Broadcast Audio (Auracast™) — Unidirectional audio from one broadcaster to any number of receivers over Broadcast Isochronous Streams (BIS). Typical use cases: public venue audio, accessibility assistive listening, group TV listening.
Architecture Overview
The LE Audio architecture is organized into three tiers:
LE Isochronous Channels — The transport layer, providing CIS (connected) and BIS (broadcast) streams.
Generic Audio Framework (GAF) — The core specification suite, organized into four functional layers: stream control, content control, rendering/capture control, and transition/coordination control.
Use-Case Specific Profiles — Higher-level profiles (HAP, TMAP, GMAP, PBP) that select and configure specific GAF components for a target use case.
┌──────────────────────────────────────────────────────────────────────┐
│ Use-Case Specific Profiles │
│ HAP TMAP GMAP PBP │
├──────────────────────────────────────────────────────────────────────┤
│ Generic Audio Framework (GAF) │
│ ┌───────────────────────────────────────────────────────────────┐ │
│ │ Transition & CAP + CAS │ │
│ │ Coordination Control CSIP + CSIS │ │
│ ├───────────────────────────────────────────────────────────────┤ │
│ │ Rendering & VCP (VCS, VOCS, AICS) │ │
│ │ Capture Control MICP (MICS, AICS) │ │
│ ├───────────────────────────────────────────────────────────────┤ │
│ │ Content Control MCP + MCS/GMCS │ │
│ │ CCP + TBS/GTBS │ │
│ ├───────────────────────────────────────────────────────────────┤ │
│ │ Stream Control BAP (PACS, ASCS, BASS) │ │
│ └───────────────────────────────────────────────────────────────┘ │
├──────────────────────────────────────────────────────────────────────┤
│ LE Isochronous Channels (CIS / BIS) │
└──────────────────────────────────────────────────────────────────────┘
Each GAF layer depends only on the layers below it. Use-case profiles select a subset of GAF layers and add role-specific constraints on top. The sections below describe each component in detail.
LE Isochronous Channels
LE Isochronous Channels are a feature of the Bluetooth controller, defined in the Bluetooth Core Specification. They provide the time-synchronized, low-latency data transport that LE Audio relies on.
Type |
Abbreviation |
Description |
|---|---|---|
Connected Isochronous Stream |
CIS |
Bidirectional isochronous link between two devices; requires a prior ACL connection.

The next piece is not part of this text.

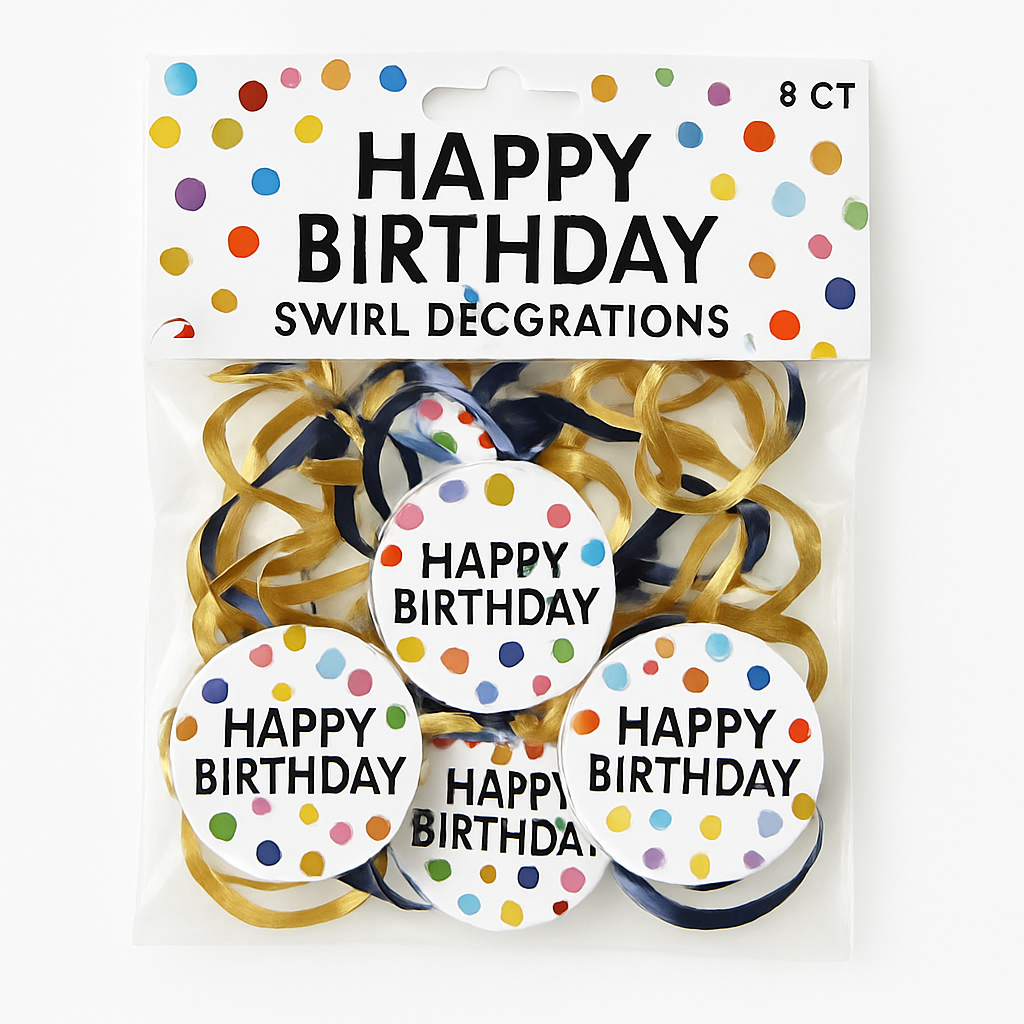 Elevate your birthday celebration with our vibrant Multi-Coloured and Metallic Gold Happy Dots Birthday Swirl Decorations! These dazzling hanging foil decorations feature festive circular cut-outs with cheerful slogans like "Happy Birthday," "Let's Celebrate," and "Party Time!" Perfect for any party space, the swirls add a splash of color along with elegant gold detailing. Easy to hang with tape, pins, or Sticky Tack (sold separately), these decorations make set-up a breeze. Crafted from durable cardstock and measuring 7 inches, each package includes 12 delightful swirls designed to shine at your next event. Celebrate in style with this must-have party decor!

Multiple CIS instances can be grouped into a Connected Isochronous Group (CIG) for synchronized playback (e.g., left and right earbuds). |
Broadcast Isochronous Stream |
BIS |
Unidirectional isochronous stream from a Broadcaster to any number of Synchronized Receivers, without a prior connection. Multiple BIS instances belong to a Broadcast Isochronous Group (BIG). |
ESP-IDF provides direct access to CIS and BIS via the ESP-BLE-ISO API. When using LE Audio profiles (BAP and above), the ISO layer is managed automatically by the profile stack.
Generic Audio Framework
The Generic Audio Framework (GAF) is the core of LE Audio. It defines four functional layers, described below from the bottom up.
Stream Control Layer
The stream control layer is responsible for discovering audio capabilities, setting up audio streams (codec configuration and QoS), and managing the lifecycle of CIS and BIS connections.
Basic Audio Profile (BAP)
BAP is the foundational profile for all LE Audio streaming. It defines the following roles:
Unicast Client — Discovers ASEs on a remote Unicast Server, initiates codec configuration, QoS negotiation, and stream control (enable, connect, start, disable, release).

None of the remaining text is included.